Re: advice sought on key/data histogram analysis of rijndael/128 and serpent

pseudo-code, okay, here we go.

note that there is _no_ PRNG input - i abandoned the
attempts to use a PRNG because i was concerned
that a (bad) PRNG would either introduce patterns
or repeat values, so instead i decided to use "counter"
mode as the initial input.

for k = 1 to 256000
{
   zero(input)
   (*(int*)input) = k; /* sort-of "CTR" mode. */
   for i = 0 to 127
   {
      zero(keybit)
      set_bit(keybit, i)

       for j = 0 to 127
       {
         zero(databit)
         set_bit(databit, j)
         num_fails = analyse_data(5times, input, keybit, databit)
         bitbucket[i][j] += num_fails
       }
   }
}

analyse_data(num_times, input, keybit, databit)
{
    key = copy(keybit)
    data = copy(input)

    for (i = 1 to num_times)
    {
        output = aes_encrypt(key, data)
        key = copy(output)
        data = xor(data, xor(output, databit))
        deviation = deviation_from_average_num_bits(output)
        if p_value(deviation) < 0.01
          num_fails++
    }
    return num_fails;
}

note that i am NOT doing a test which counts the "average number of
bits" and does a histogram, like STS does.

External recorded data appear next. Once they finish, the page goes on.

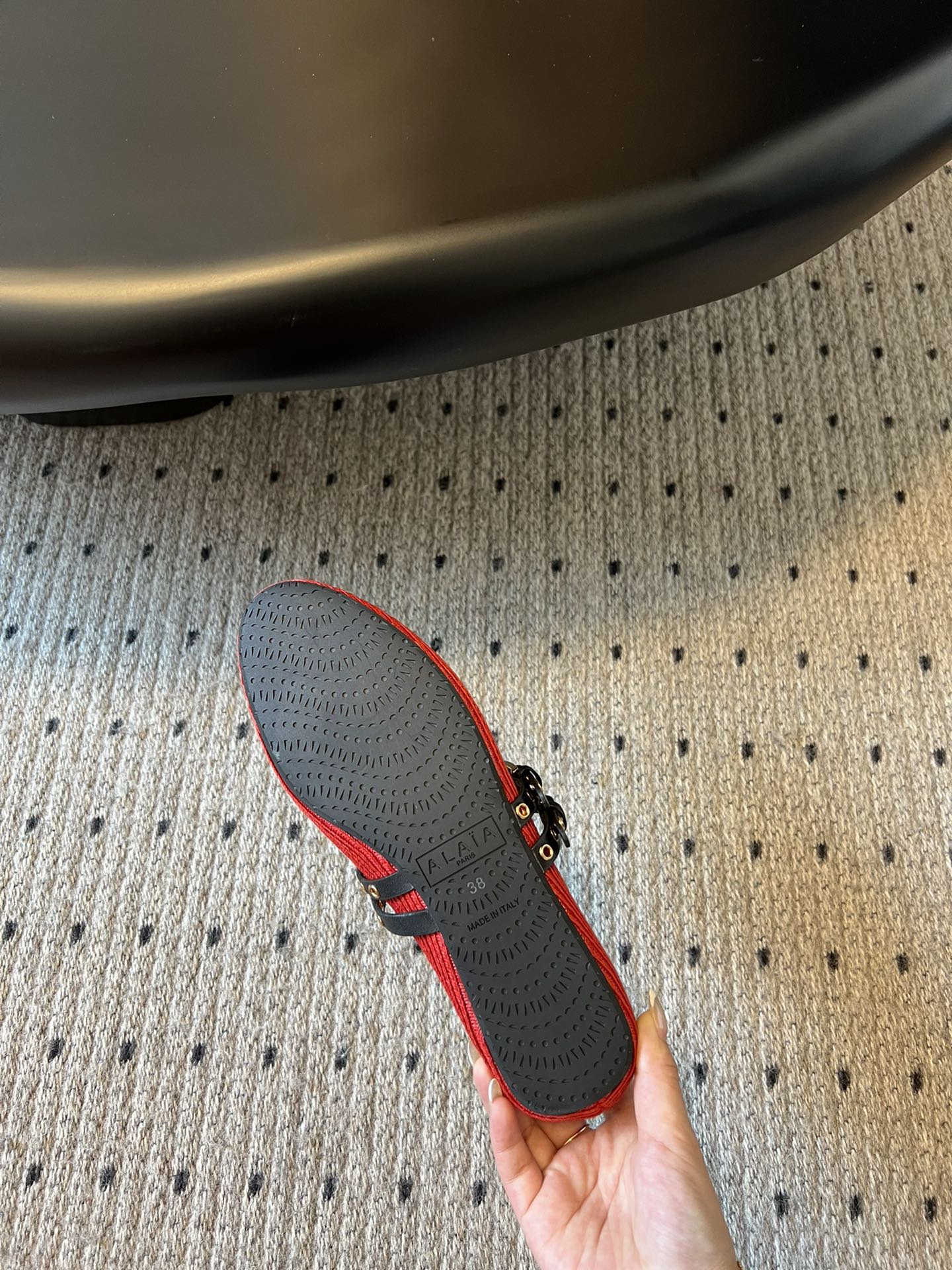 ALAIA MARY JANE SHOES IN CHERRY RED ZP CUSTOM STRAW AND DENIM
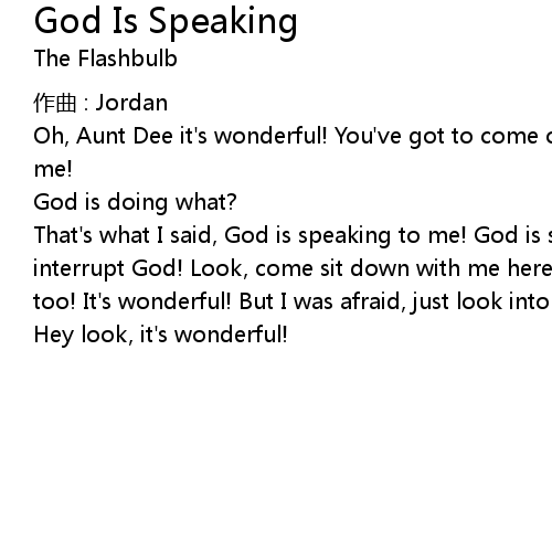 | That' s what I said, God is speaking to me! God is speaking to me, and you can' t interrupt God! Look, come sit down with me here, and you can hear God speak, too! It' s wonderful! But I was afraid, just look into the sky and everything... Hey look, it' s wonderful! |
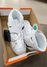 A pair of white Nike athletic shoes designed for performance, featuring a secure strap and breathable mesh.

i am taking a note of the NUMBER OF FAILURES. in other words,
i am taking a note of the number of times that the encrypt contains
far more ones or zeros than there normally would be.

i am _not_ analysing the data directly.

i am statistically analysing the p-values (lots and lots of
them. 20 billion p-values, in the case of the
128x128x5x256000 test i ran for 5 hours last night).

very different.

hence my concern.

incidentally, if i perform 20 billion p-value tests, that's
20 billion Rijndael-128 calculations, so that's 2560
billion bits being analysed: there's _probably_ enough
there to get getting on with :)
Received on Mon Oct 17 20:48:36 2005